Generating atom transition network for reactions with atom mappings.
[L,Lambda,moietyFormulas,moieties2mets,moieties2vectors,atoms2moieties] = ...
identifyConservedMoieties(alternativeModel, ATN);
Step 2: Decompose the composite moiety vector
First, extract the internal stoichiometric matrix for DAS, by running:
rbool = ismember(alternativeModel.rxns, ATN.rxns);
mbool = any(alternativeModel.S(:,rbool), 2);
N = alternativeModel.S(mbool, rbool);
To decompose the moiety matrix computed in Step 1, run:
changeCobraSolver('gurobi6', 'milp');
end
> Gurobi interface added to MATLAB path.
> gurobi (version 751) is compatible and fully tested with MATLAB R2016b on your operating system.
D = decomposeMoietyVectors(L, N);
Note that you can use any Mixed Integer Linear Programme (MILP) solver that is supported by the COBRA toolbox. The decomposed moiety matrix D is identical to the original moiety matrix computed in Part 1. Moiety vectors D(:,4) and D(:,5) are the linearly independent components of the composite moiety vector L(:,4) above.
full(D(:,[4 5])')
ans =
0 0 1 0 0 1 0 0 0 0
0 0 1 1 0 0 2 2 0 0
One disadvantage of decomposing moiety vectors is that it is difficult to keep track of which atoms belong to the decomposed moieties. We can, however, estimate the chemical formulas of the decomposed moieties using the elemental matrix for DAS. The elemental matrix is a numerical representation of the chemical formulas of metabolites in DAS.
[E,elements] = constructElementalMatrix(alternativeModel.metFormulas,...
alternativeModel.metCharges);
decomposedMoietyFormulas = estimateMoietyFormulas(D, E, elements);
decomposedMoietyFormulas([4 5])'
i.e., each decomposed moiety contains an oxygen atom.
References
- Haraldsdóttir, H.S., Thiele, I., Fleming, R.M. Comparative evaluation of open source software for mapping between metabolite identifiers in metabolic network reconstructions: application to Recon 2. J. Cheminform 6(1), 2 (2014).
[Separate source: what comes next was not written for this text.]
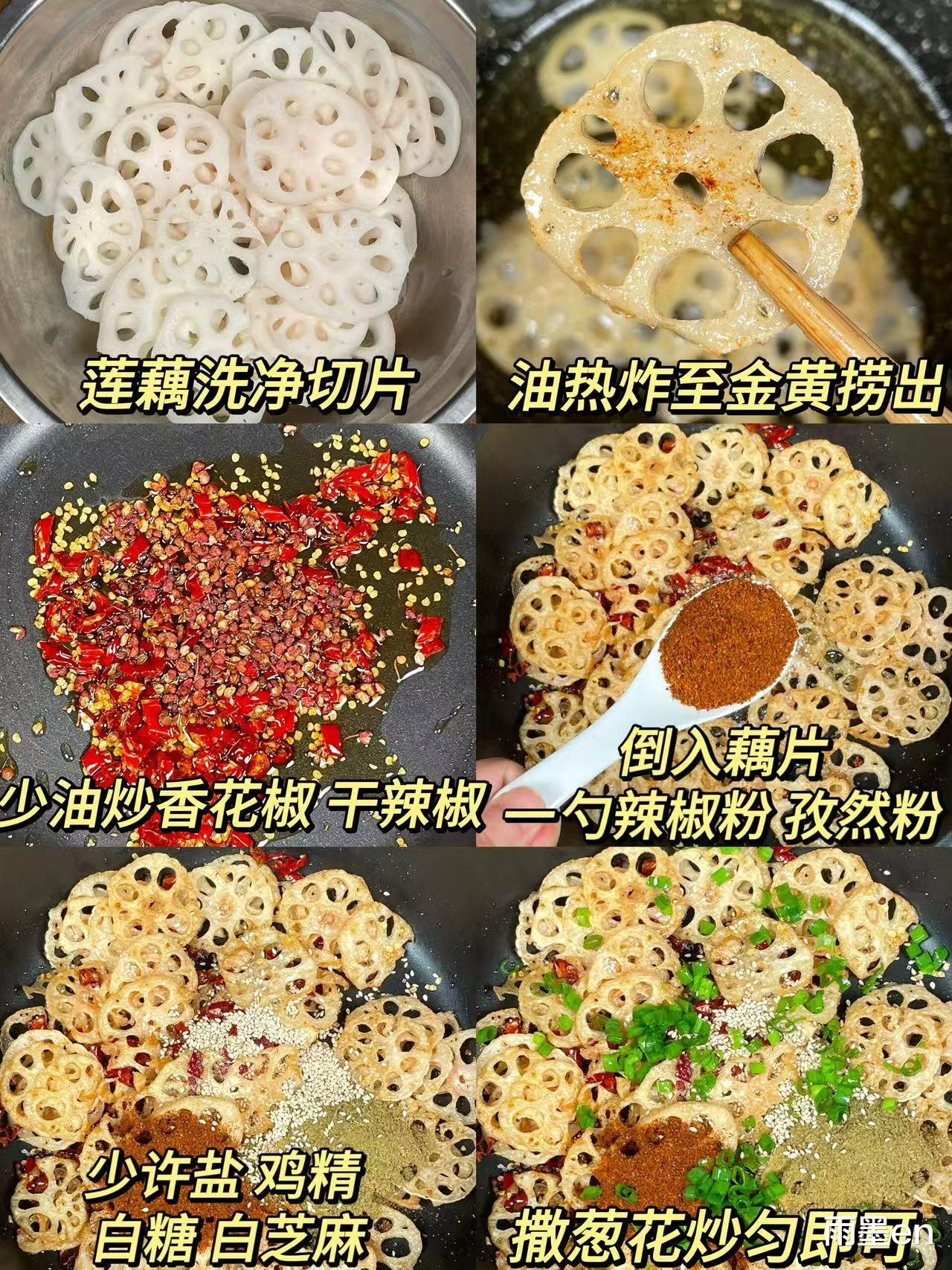 制作这道菜,选藕是关键。需挑九孔莲藕,肉质紧实如玉,切片如薄甲,刀工要利落,厚薄均匀方能煸出脆爽口感。热锅冷油,是烹饪的铁律。藕片入锅,便是一场“火中历练”:中小火慢煸,水汽渐失,边缘卷起焦边,似披上金甲。此时撒入灵魂伴侣——孜然粒与干辣椒碎,铁铲翻动间,西域香料与藕片在热浪中激出火花,麻辣与焦香瞬间爆发。出锅前淋一勺花椒油,咸香麻辣在舌尖炸裂,如同江湖侠客挥剑斩敌,酣畅淋漓。莲藕自古便是“出淤泥而不染”的象征,干煸之法更将其韧性激发,恰如人生:历经淬炼,方能成就风骨。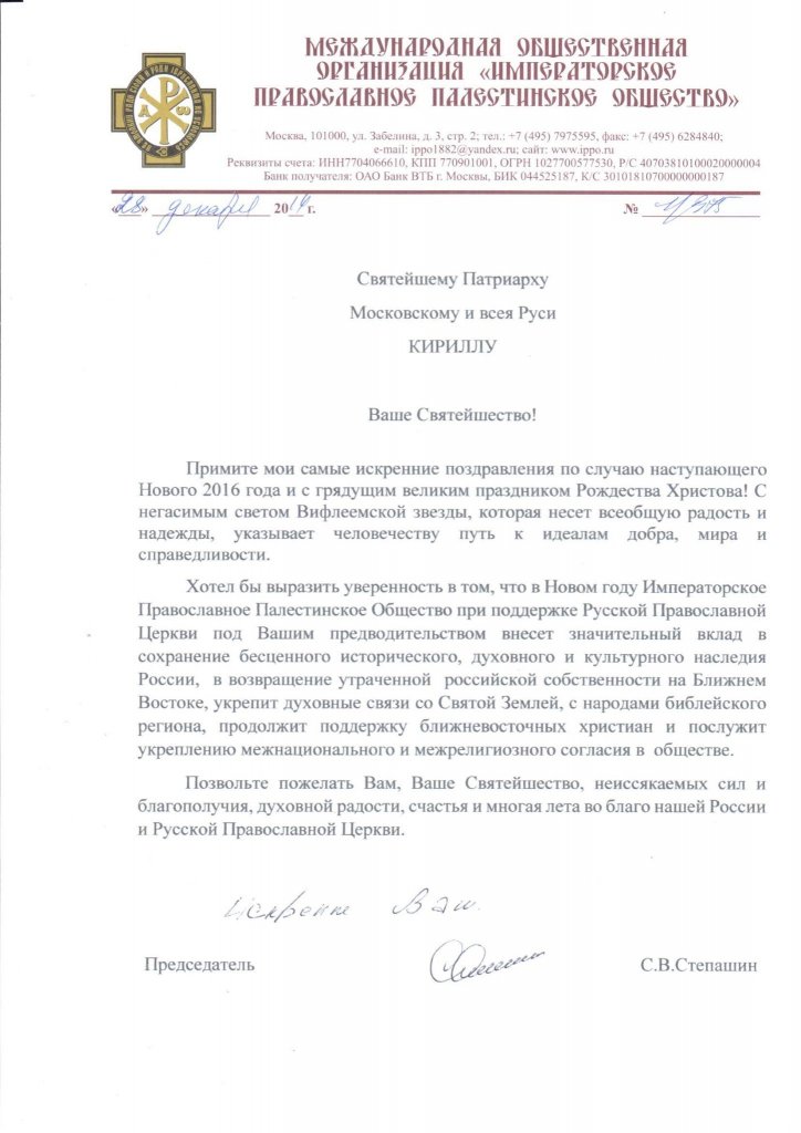 Председатель ИППО Сергей Степашин направил поздравление Святейшему Патриарху Московскому и всея Руси Кириллу, Председателю Комитета Почетных членов ИППО, по случаю наступающего Нового года и грядущего Рождества Христова.

- Elizabeth Brunk, et al. Recon 3D: A Three-Dimensional View of Human Metabolism and Disease. Submited
- Rahman, S.A., et al. Reaction Decoder Tool (RDT): extracting features from chemical reactions. Bioinformatics 32(13), 2065–2066 (2016).
- Preciat et al. Comparative evaluation of atom mapping algorithms for balanced metabolic reactions: application to Recon 3D. J Cheminform, 9: 39 (2017).
- Hulda S. Haraldsdóttir and Ronan M. T. Fleming. Identification of conserved moieties in metabolic networks by graph theoretical analysis of atom transition networks. PLOS Comput. Biol, 12(11) (2016).
- Iman Famili and B. Ø. Palsson. The convex basis of the left null space of the stoichiometric matrix leads to the definition of metabolically meaningful pools. Biophys. J, 85(1):16–26 (2003).